Attributes appear in deterministic order (type, id, then allowed attributes sorted). Unknown or policy-denied attributes are omitted. XML special characters in values are escaped (",&, etc.).
How to verify
Input redaction
- Set
redact_input: true(orredact_pii: true) andinput_scan: true. - Run a request with PII:
talon run "Contact user@example.com about IBAN DE89370400440532013000". - Check the evidence (
talon audit show <id>): theinput_pii_redactedfield should betrue. - The LLM receives the redacted prompt — raw PII never leaves the Talon process.
Output redaction
- Set
redact_output: true(orredact_pii: true) andoutput_scan: true. - Run a request where the LLM response is likely to contain PII.
- The returned response should show placeholders instead of raw PII.
Semantic enrichment
- Enable enrichment: Set
semantic_enrichment.enabled: trueandmode: enforcein agent policy; ensureredact_input: trueandinput_scan: true. - Run a request with PII that includes person and location (e.g. "Mrs Smith lives in Berlin. Email: user@example.com").
- Check output or evidence:
- Legacy: you should see
[PERSON],[LOCATION],[EMAIL]. - Enriched: you should see
<PII type="person" ... gender="female"/>,<PII type="location" ... scope="city"/>, and<PII type="email" id="3"/>(no extra attributes for email).
- Legacy: you should see
- Metrics: Use
talon.pii.enrichment.attempts.total,talon.pii.enrichment.attributes.emitted.total, andtalon.pii.enrichment.fallback_unknown.total(see Observability).

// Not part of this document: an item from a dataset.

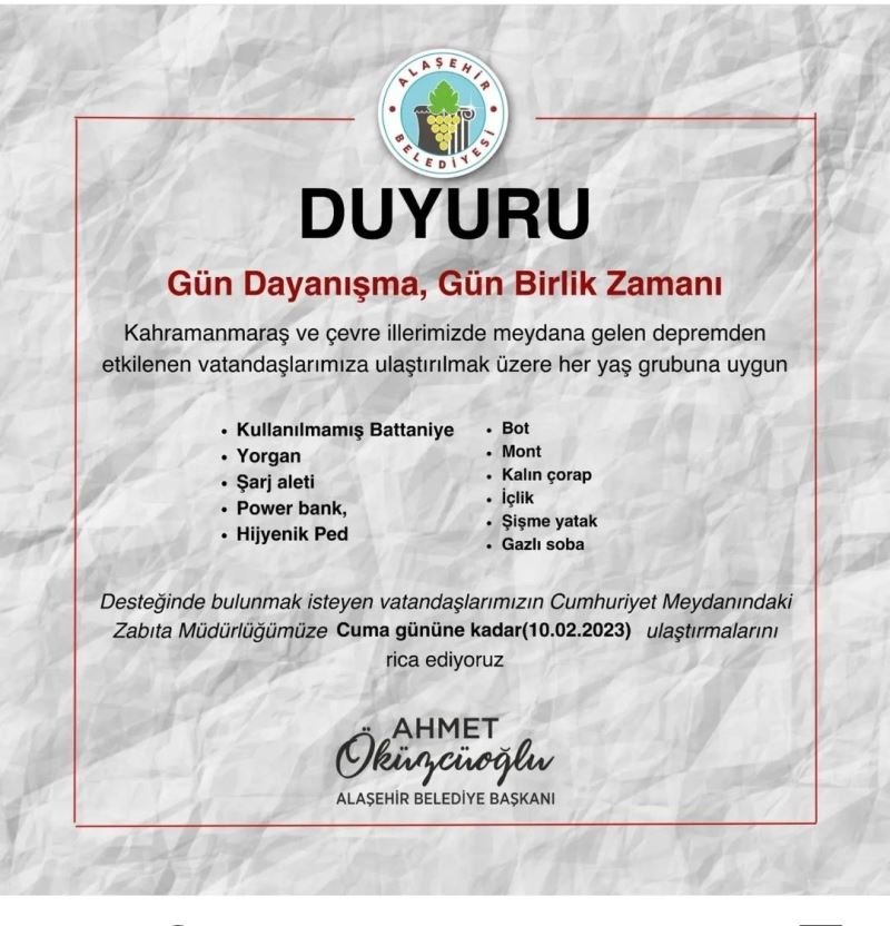 Alaşehir Belediyesi tarafından yaşanan büyük depremin ardından yardım kampanyası başlatıldı. Kampanyayla ilgili olarak belediye tarafından vatandaşlara kısa mesaj ve şehir içi hoparlörleri ile çağrıda bulunuldu. Yardım etmek isteyen vatandaşlar istenen malzemeleri Alaşehir Belediyesi Zabıta Müdürlüğüne teslim edebilecekler. Alaşehir Belediye Başkanı Ahmet Öküzcüoğlu, "Bu sabaha karşı meydana gelen Kahramanmaraş ve depremden etkilenen çevre illerimizde yaşayan vatandaşlarımıza ulaştırılmak üzere her yaş grubuna uygun kullanılmamış kışlık giysi, battaniye, tüplü soba, uyku tulumu, paketli hazır gıda, su, süt, bebek ihtiyaç ve hijyen malzemesi, çadır, ışıldak gibi ihtiyaçları Alaşehir Belediyesi Zabıta Müdürlüğüne 10.02.2023 Cuma günü mesai bitimine kadar ulaştırabilirler. Toplanan yardım malzemelerini en kısa sürede depremzede vatandaşlarımıza ulaştıracağız." dedi.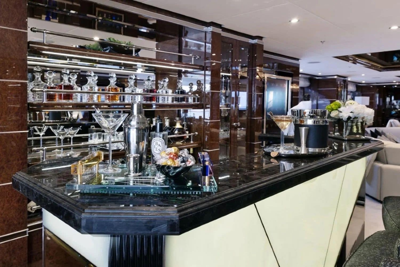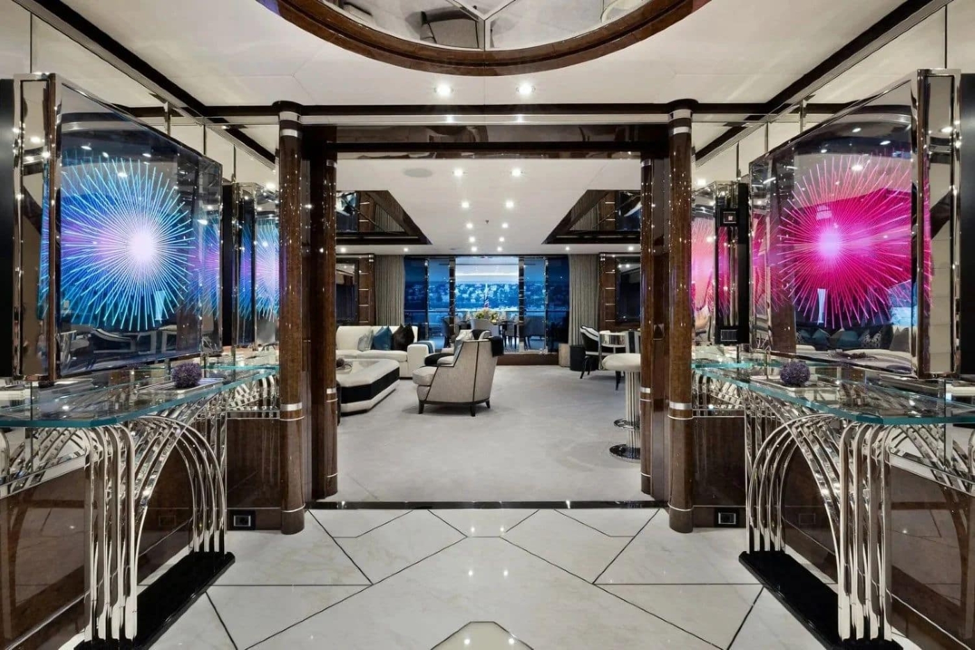The Art Deco-inspired interiors are accented by bold artworks, polished stainless steel finishes, bespoke chandeliers and flawless Italian marble, complemented by comfortable custom furnishings. Style meets relaxation.

PERSON and LOCATION detection
PERSON and LOCATION are optional recognizers in the default EU PII patterns. If they are enabled (default in the built-in patterns), enrichment has entities to work on. You can restrict or extend entity types via data_classification.enabled_entities / disabled_entities / custom_recognizers. Enrichment only runs for types it supports (person → gender, location → scope).
Observability
- Metrics:
talon.pii.enrichment.attempts.total(byentity_type),talon.pii.enrichment.attributes.emitted.total(byattr,value),talon.pii.enrichment.fallback_unknown.total(byentity_type). - Spans:
classifier.redactand enricher spans with entity count and type. - Logs: Structured (zerolog); in shadow mode, attribute decisions can be logged without rendering.
Presidio migration
The canonical entity model and enrichment pipeline are detector-agnostic. If you later switch to Presidio (or another detector), an adapter can map Presidio results to the same canonical shape; the enricher and placeholder renderer stay unchanged. Rego policy continues to govern which attributes are emitted.